- TASK TO COMPLETE:
Set down the data below without change, skipping the pictures it holds.
-------- THE DATA --------
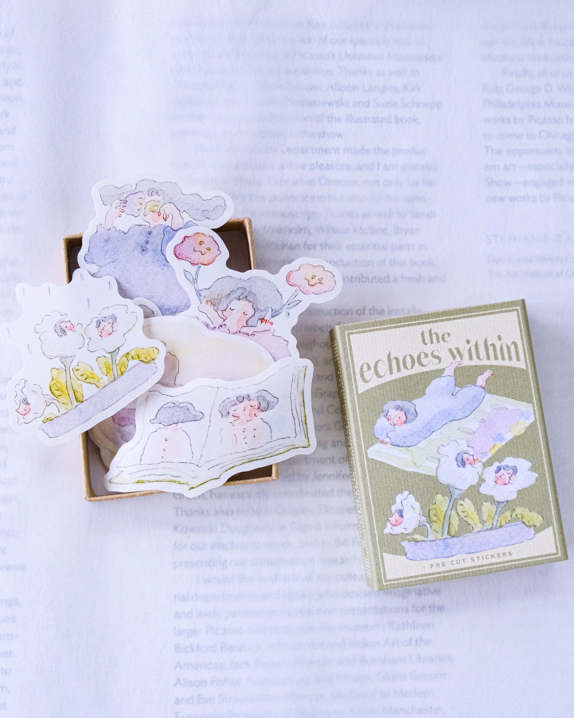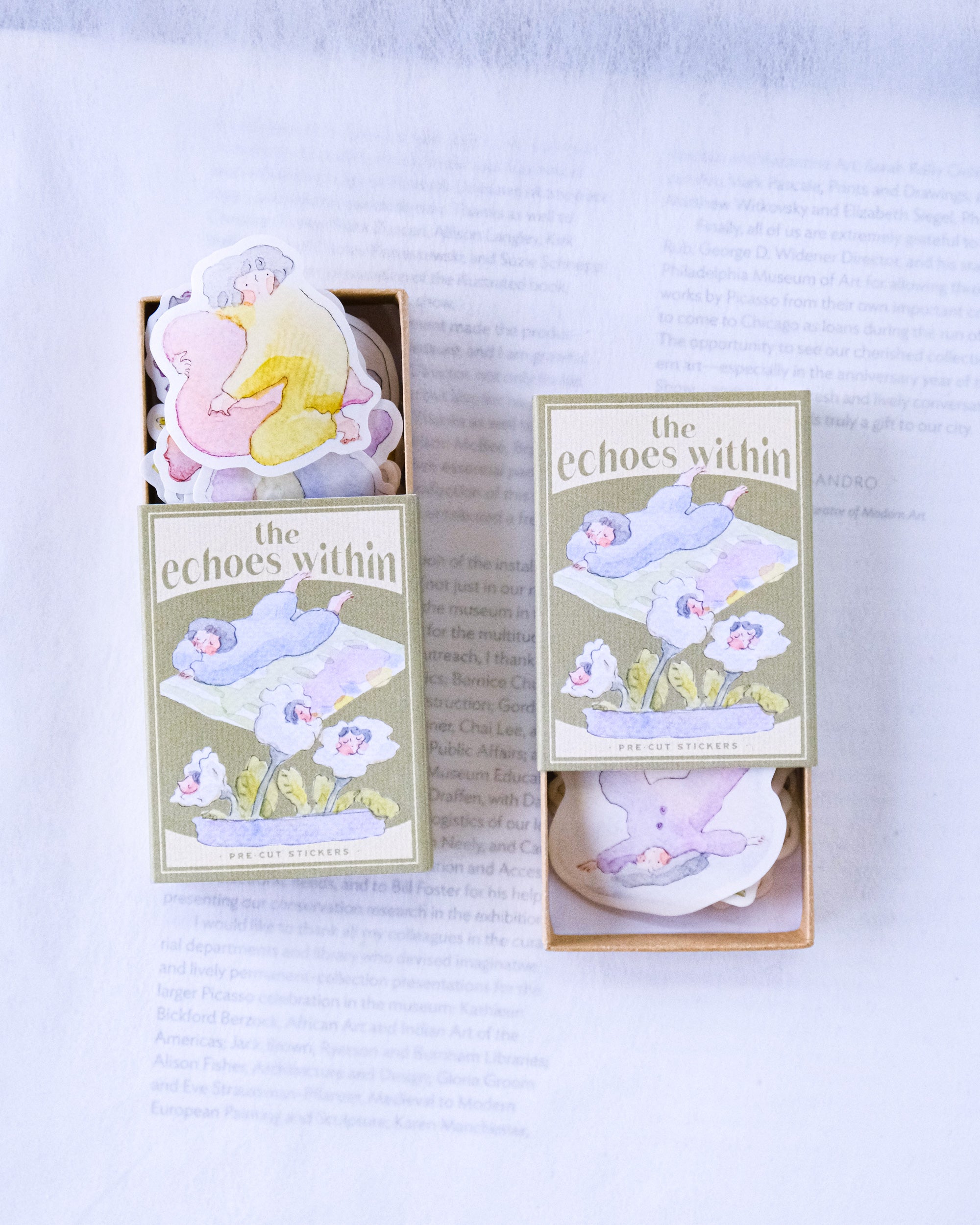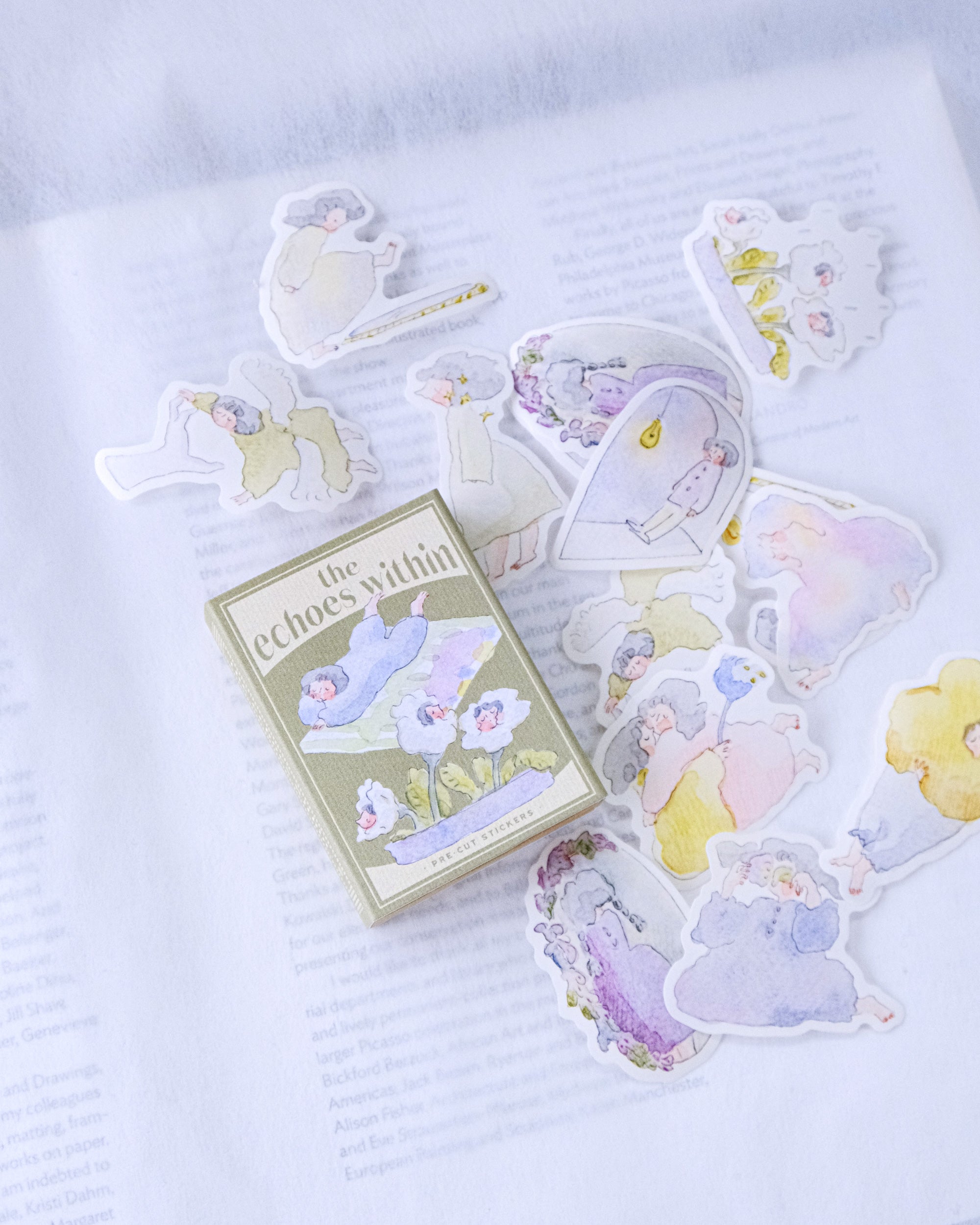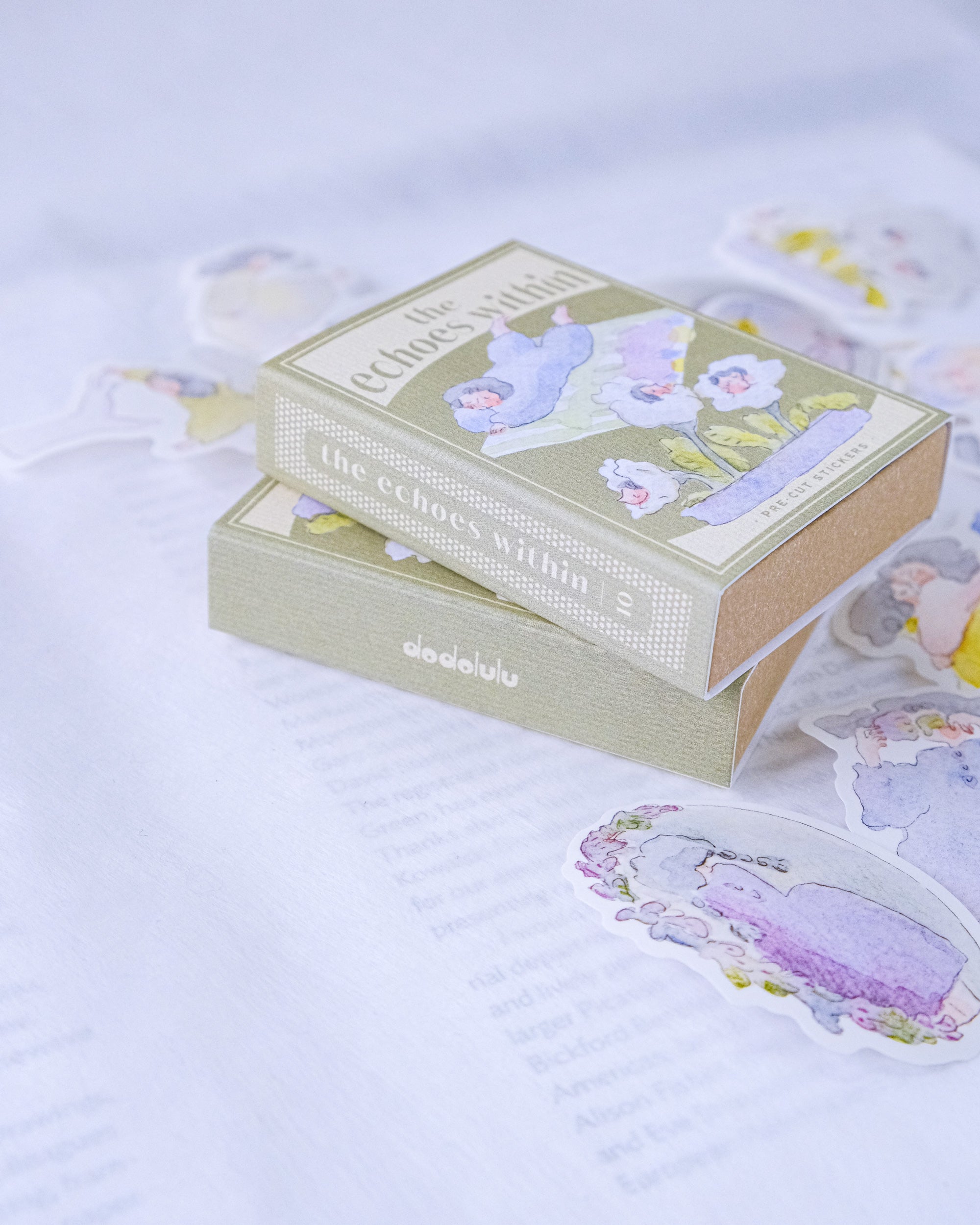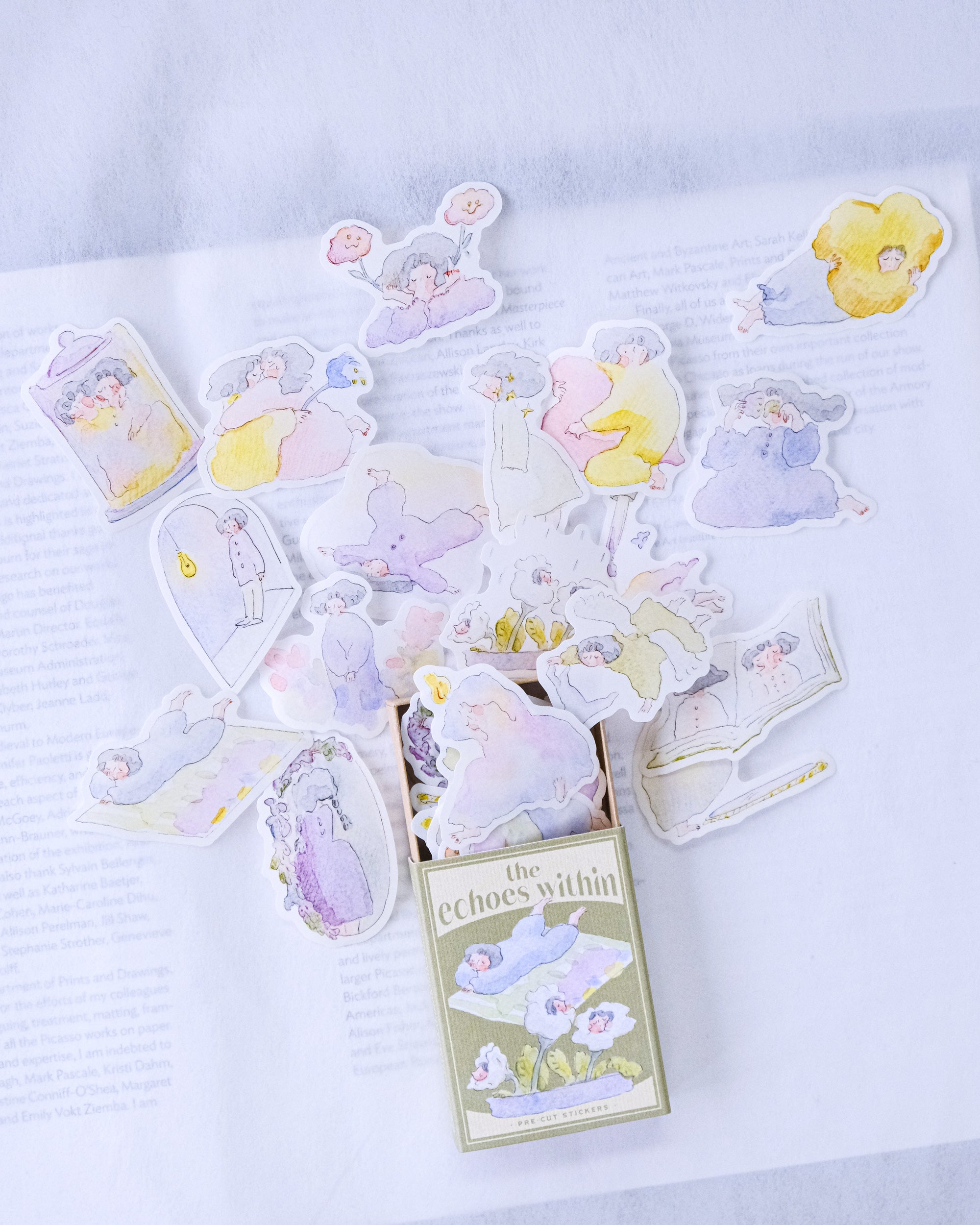 Step back in time with the "The Echoes Within" Flake Stickers Matchbox Series from dodolulu. These charming die-cut stickers, illustrated in delicate watercolor and colored pencil. Perfect for adding a touch of nostalgia and elegance to your journals, planners, or scrapbooks.
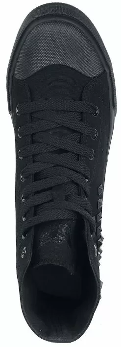 Zwarte sneakers met Rockhand patch op de schoentong en logoprint op de hiel. De sneakers zijn versierd met zwarte studs, in de schoen bevestigd. Aan de binnenkant is de schoen gevoerd met stof zodat je de studs niet kunt voelen of zien.
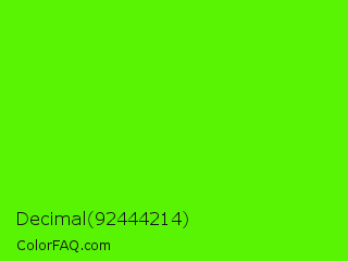 Decimal 92444214 Color is a normal green color and the nearest color is Bright Green #66ff00. Hex code #58f404 and RGB value is rgb(88,244,4). In RGB color space, this color is composed of 35% red, 96% green, 2% blue, In CMYK color space, this color is composed of 64% cyan, 0% magenta, 98% yellow , 4% black , In HSL color space, this color has a hue angle of 99° , 97% saturation and 49% lightness.
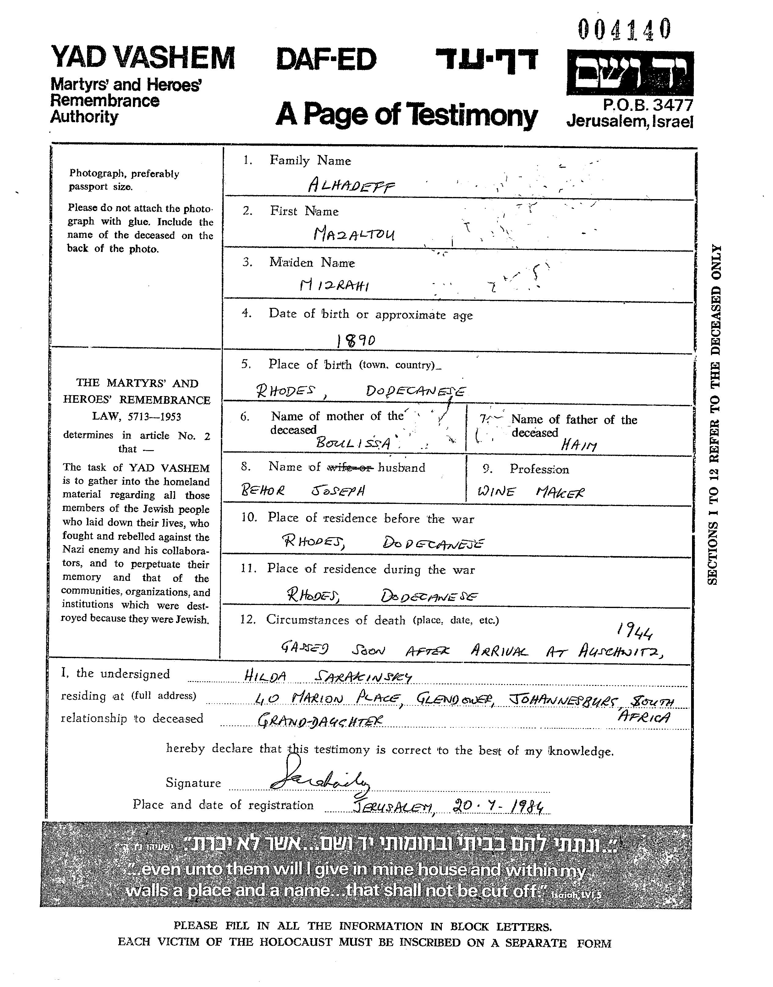 Mazaltov Alhadeff, geb. Mizrahi wurde im Jahr 1890 in Rhodes, Italien geboren. Sie war Weinprüfer. Vor dem Zweiten Weltkrieg lebte sie in Rhodes, Italien.
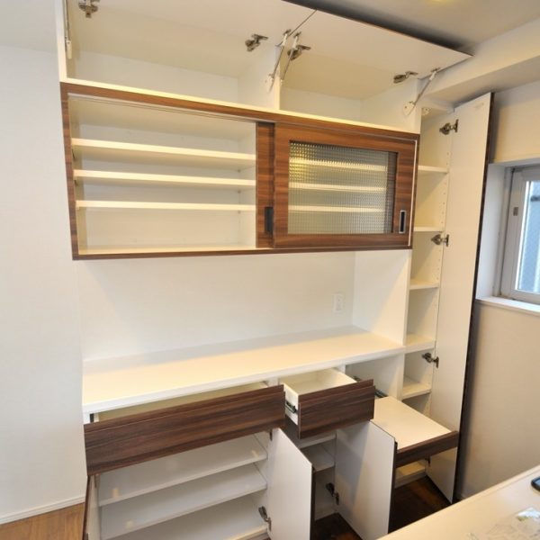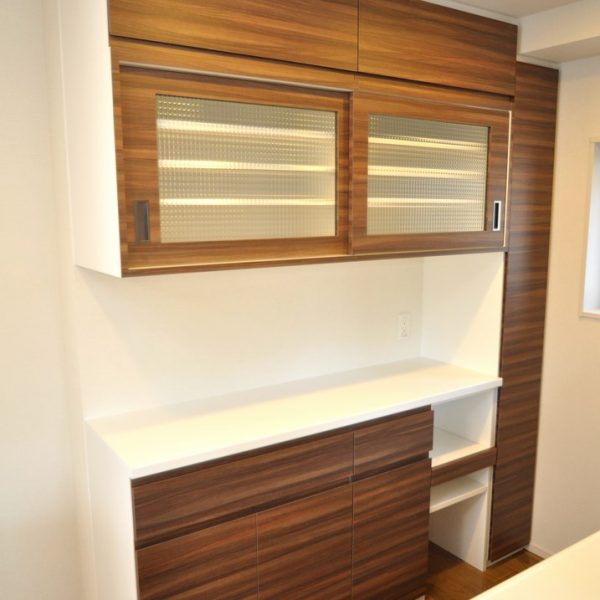 川崎市にお住まいのO様よりカップボード製作(造作キッチン壁面収納)をオーダー頂きました。
--------
- ANSWER SECTION:
 Step back in time with the "The Echoes Within" Flake Stickers Matchbox Series from dodolulu. These charming die-cut stickers, illustrated in delicate watercolor and colored pencil. Perfect for adding a touch of nostalgia and elegance to your journals, planners, or scrapbooks.
 Zwarte sneakers met Rockhand patch op de schoentong en logoprint op de hiel. De sneakers zijn versierd met zwarte studs, in de schoen bevestigd. Aan de binnenkant is de schoen gevoerd met stof zodat je de studs niet kunt voelen of zien.
 Decimal 92444214 Color is a normal green color and the nearest color is Bright Green #66ff00. Hex code #58f404 and RGB value is rgb(88,244,4). In RGB color space, this color is composed of 35% red, 96% green, 2% blue, In CMYK color space, this color is composed of 64% cyan, 0% magenta, 98% yellow , 4% black , In HSL color space, this color has a hue angle of 99° , 97% saturation and 49% lightness.
 Mazaltov Alhadeff, geb. Mizrahi wurde im Jahr 1890 in Rhodes, Italien geboren. Sie war Weinprüfer. Vor dem Zweiten Weltkrieg lebte sie in Rhodes, Italien.
 川崎市にお住まいのO様よりカップボード製作(造作キッチン壁面収納)をオーダー頂きました。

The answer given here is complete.